Navigation and finding the way home is very
important for people, man-made devices and animals. Humans and animals
need to be able to navigate their way around a geographical area in
order to find food, participate in social activities, communicate with
others and work. There are many kinds of navigation systems in use by
human ranging from simple to complex, such as very high frequency (VHF),
omnidirectional range (VOR) and the global navigation satellite system
(GNSS). The GNSS is the most elaborate operation system for global
positioning. The variability of function and integration of the new
generation of GNSS has increased market demand for related products.
However, the application of GNSS may be limited by a high maintenance
cost and lack of signal precision in certain conditions, such as in
urban areas. Due to these risks, there is a requirement to develop a
navigation system that can operate independently of GNSS while also
possessing the performance capabilities of GNSS.

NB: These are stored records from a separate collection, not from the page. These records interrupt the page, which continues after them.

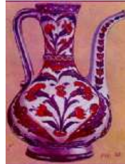
الشكل رقم "11" أمثلة لزخارف نباتية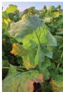
Krmlna ogrščica STARŠKA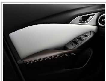
Mazda CX-3 Kangei.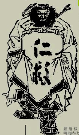
錦旗様 明治時代の版木より

○漢方薬医薬品の販売は、一人一人の人間を大切に救う事ができる神の御業である ○中身は日本一、天下一、神に捧げる品也 ○人を育てるとは、天に通じる心をみがく事にある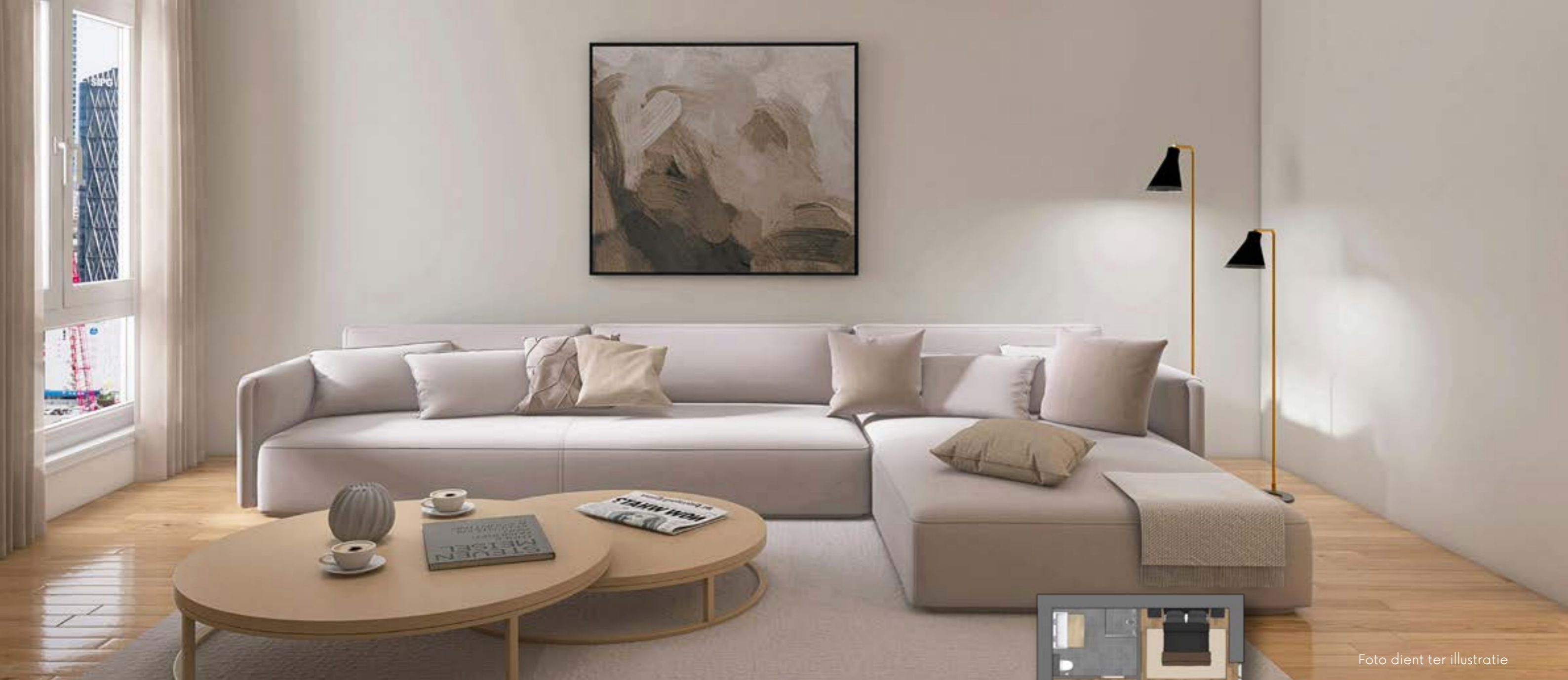
Foto dient ter illustratie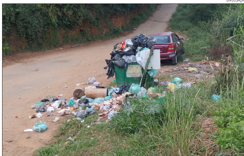
MORADORES reclamam que já ficaram até duas semanas sem coleta de lixo no local

Em janeiro desse ano, moradores do ponto final do Vincenzo Rivetti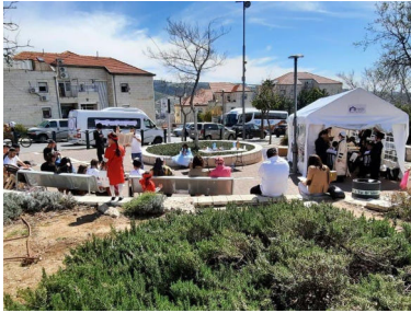
המונים עומדים במתחם לשמוע מנגילה

כ-1500 אנשים, נשים, נוער וילדים, זכו לקיים במתחם את מצוות הפורים. רבים אף ציינו שכבר מספר שנים שלא זכו לשמוע בחג הפורים את המגילה... ההצלחה היתה לשיחת היום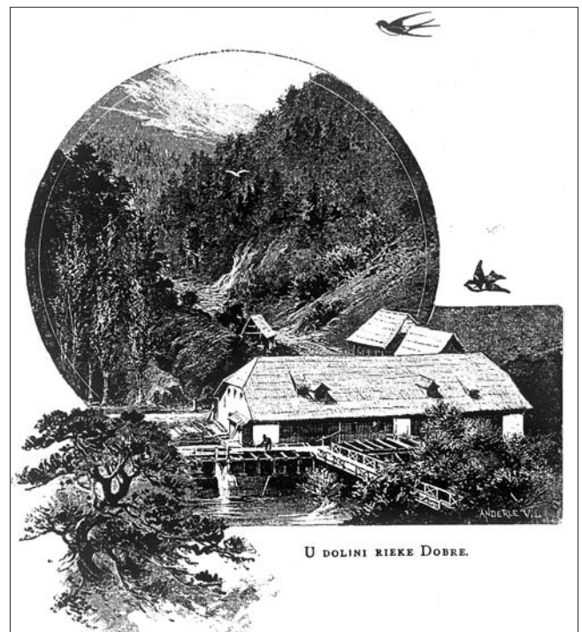
Slika 5. Pilana potočara na Dobri; iz dojmljivog opusa šumara i likovnjaka V. L. Anderlea

“Postavili su nas na niski nasip. Stajao sam četvrti na desnoj strani čela pogona, u zaklonu jedne stare dvokrake topole... Svuda je vladala tišina... Ali ipak nešto. Motreći pred sobom okoliš, učini mi se da se je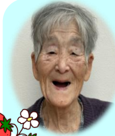
O. Uさん 昭和6年4月8日 95歳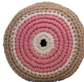
Ροζ / Pink Αγάπη / Love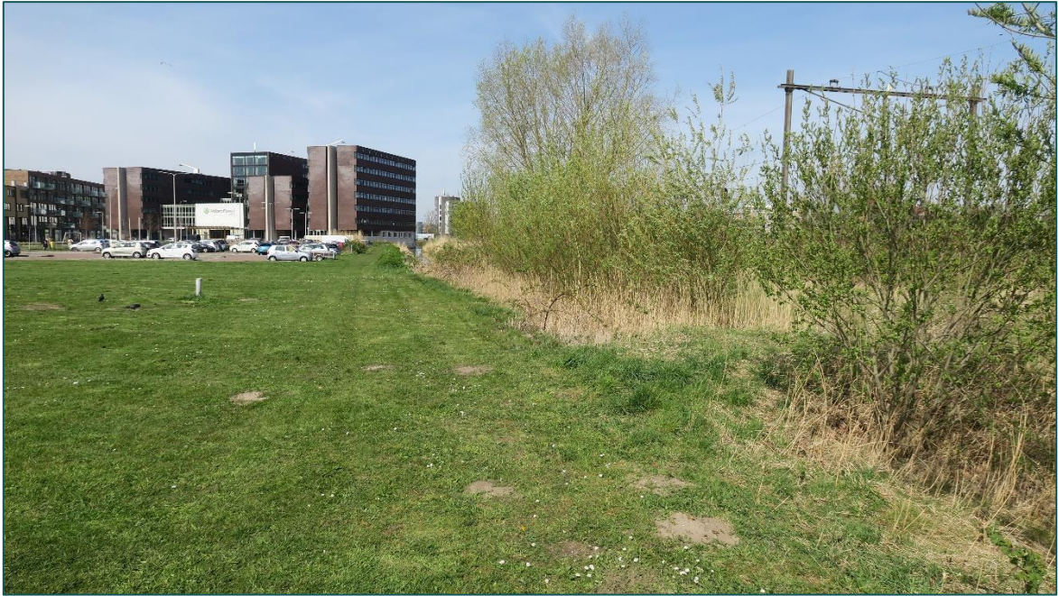
Figuur 3 De groenstrook aan de oostzijde van de planlocatie.

The bioinspired navigation system through biomimetic approach provides the more stable and sustained system compared to the existing system. As in nature, the insects such as honeybees and desert ants used the polarized natural skylight as an information in their navigation activities. The static relationship between electric component vector (E-vector) orientation of skylight and the sun’s azimuth (Brines 1980) is an important characteristic for serving it as sustained and stable navigation cues for insects. The E-vector information collection in crickets and ants is done by the polarization-sensitive photoreceptors in dorsal rim area (DRA) and neuron in optic lobe. Through the engineering processes, the insects’ like polarized light based navigation sensor are developed. The photodetector, linear film polarizer and controller are used to function like the insects’ polarized light - sensitive organs. The calculation principles that are used in the sensor operation were based on the single scattering Rayleigh mode. Future polarized light-based navigation systems that are integrated with new geographical information systems (GIS) could be of particular benefit in medical applications such as to blind people, people bound to a wheelchair, people with Parkinson’s disease and lost people, including children.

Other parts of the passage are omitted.